En chemin, Ginny explique à sa nièce :
''Tu connais les lois. Normalement, seule la famille peut aller chercher une personne au commissariat. Mais il faut devancer son père alors j'ai crée une fausse identité par magie et indédectable des moldus.''
Elle montre sur son blouson un badge où il est écrit Gertrude Blondel. Rose est ravie.
''Ça marchera sans problème.''
''Oui. Je vais me faire passer pour la mère de Belinda. C'est plausible, elle a le même âge que toi et Albus.''
Arrivés au commissariat, Ginny se présente confiante à l'accueil.
''C'est à quel sujet ?'' dit la réceptionniste.
''Je m'appelle Gertrude Blondel. Je viens chercher ma fille Belinda qui a été retrouvée dans la rue et emmené ici. Elle est très corpulente et a des cheveux blonds.''
Malheureusement, alors que tout marche à merveille, c'est le moment que choisit Germain Blondel pour débarquer. Lorsqu'il annonce être le père, la réceptionniste dit :
''Ah parfait, votre femme est arrivée juste avant vous.''
''Ma femme ? Je suis divorcé.''
Et lorsqu'il découvre Ginny puis Rose, ses yeux deviennent rouges.
''Encore vous ! Si vous continuez à vous mêler de mes affaires, je porte plainte auprès du Magenmagot !''
La réceptionniste le regarde avec curiosité et Blondel, réalisant sa gaffe, la minimise en disant d'une fausse voix fluette :
''C'est le nom de la direction qui gère mon entreprise.''
Et Rose rentre à la maison complètement abattue. Ses parents et Ginny n'ont pas le temps de dire un mot qu'elle courre jusque dans sa chambre, en larmes, et claque la porte.
Cher journal, la vie est vraiment injuste. Avec la tante Ginny, on a essayé de sauver Belinda des griffes de son affreux père mais nous avons échoué et nous ne savons plus quoi faire. J'ai mal de la savoir battue par ce c… Si je pouvais, je le briserais et l'étranglerais vif ce salopard
A cet instant, sa mère entre dans la chambre. Rose s'empresse de cacher son journal mais trop tard, Hermione l'aperçoit. Rose affiche un air gêné et sa mère dit :
''Oh ! Ne t'en fais pas, ma chérie.
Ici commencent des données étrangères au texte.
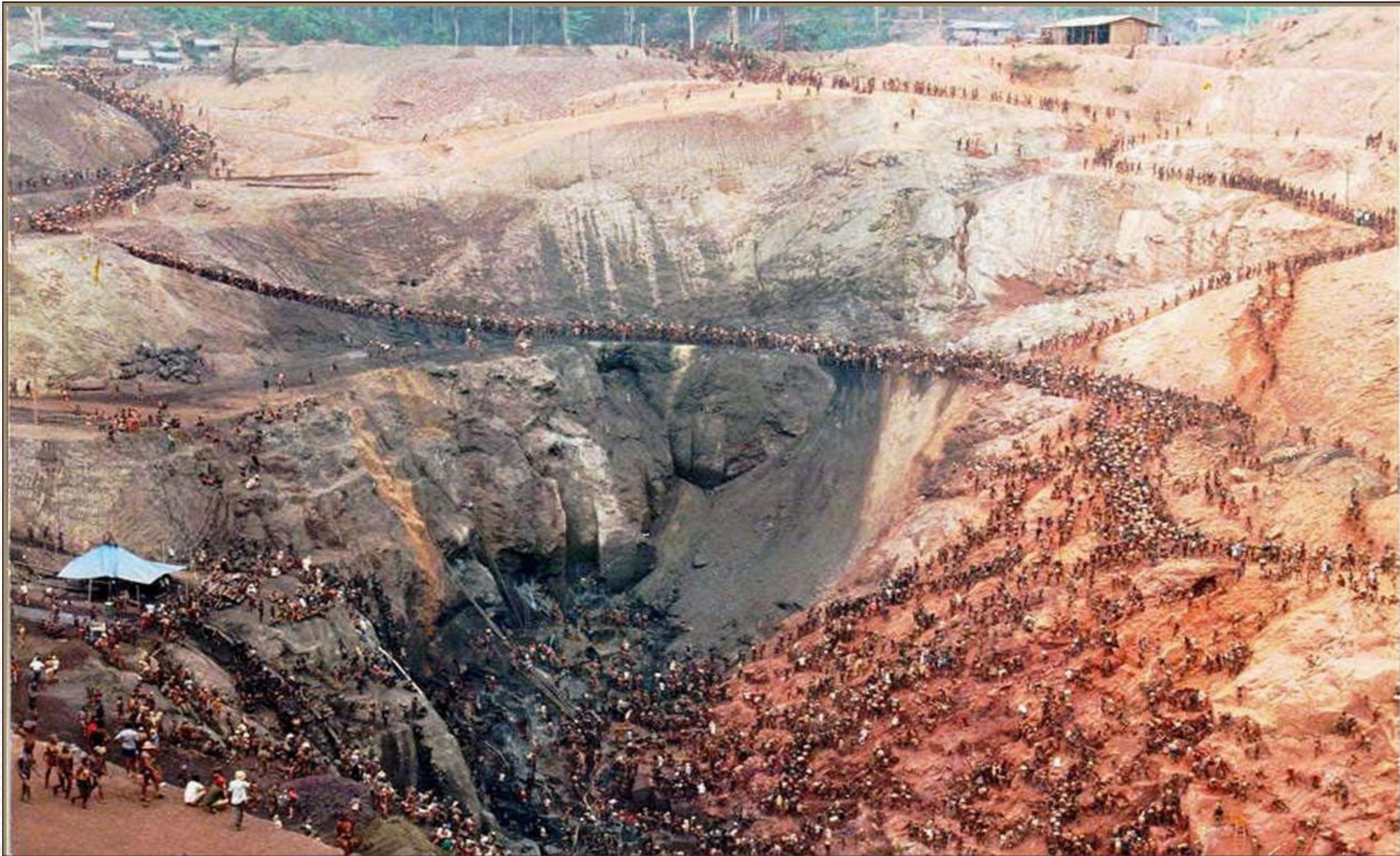
Serra Pelada garimpo. The largest South American gold rush. Bernadelli (1983)

Moi aussi, je tiens un journal intime.''
Rose ne répond rien. Sa mère s'assoit à côté d'elle. Se raclant la gorge, Rose marmonne :
''Ce n'est pas juste, maman. Pourquoi le père de Belinda est comme ça ? Comment peut-on être aussi ignoble avec sa propre fille ?''
Hermione hésite avant de lui répondre. La question est délicate.
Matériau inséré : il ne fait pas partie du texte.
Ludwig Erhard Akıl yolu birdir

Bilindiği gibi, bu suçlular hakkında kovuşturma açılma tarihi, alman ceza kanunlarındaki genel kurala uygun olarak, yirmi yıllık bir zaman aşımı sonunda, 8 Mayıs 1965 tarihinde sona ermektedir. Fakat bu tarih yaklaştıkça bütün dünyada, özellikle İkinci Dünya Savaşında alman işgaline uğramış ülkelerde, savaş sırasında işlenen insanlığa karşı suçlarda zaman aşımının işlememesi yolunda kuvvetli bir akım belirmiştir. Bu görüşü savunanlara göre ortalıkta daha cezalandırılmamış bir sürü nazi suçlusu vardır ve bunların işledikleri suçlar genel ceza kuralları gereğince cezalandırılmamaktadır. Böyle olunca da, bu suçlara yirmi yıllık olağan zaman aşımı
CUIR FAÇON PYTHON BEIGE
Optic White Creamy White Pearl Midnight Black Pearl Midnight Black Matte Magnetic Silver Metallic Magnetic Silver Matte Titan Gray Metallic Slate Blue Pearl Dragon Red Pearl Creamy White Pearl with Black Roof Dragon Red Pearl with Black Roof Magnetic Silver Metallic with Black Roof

''Hélas, les humains ne sont pas tous des gens biens.''
''J'ai peur, maman. Que faire pour la sauver ?''
''Je serai franche avec toi en te disant que je ne sais pas. Mais nous allons essayer. Normalement, elle sera avec toi demain au Pensionnat.''
Mais cet espoir-aussi va être déçu et Rose se dit que rien ne va.
Bien sûr, elle est folle de joie de retrouver son Scorpius et elle se jette dans ses bras sous les regards amusés des mamans et ceux un peu plus renfrognés des pères. Mais ni lui ni elle ne dit un mot.
La joie est de courte durée. Lorsque Lagrogne referme les portes du pensionnat après le départ des parents, ils constatent l'évidence et ce qu'ils ont tous les deux craints.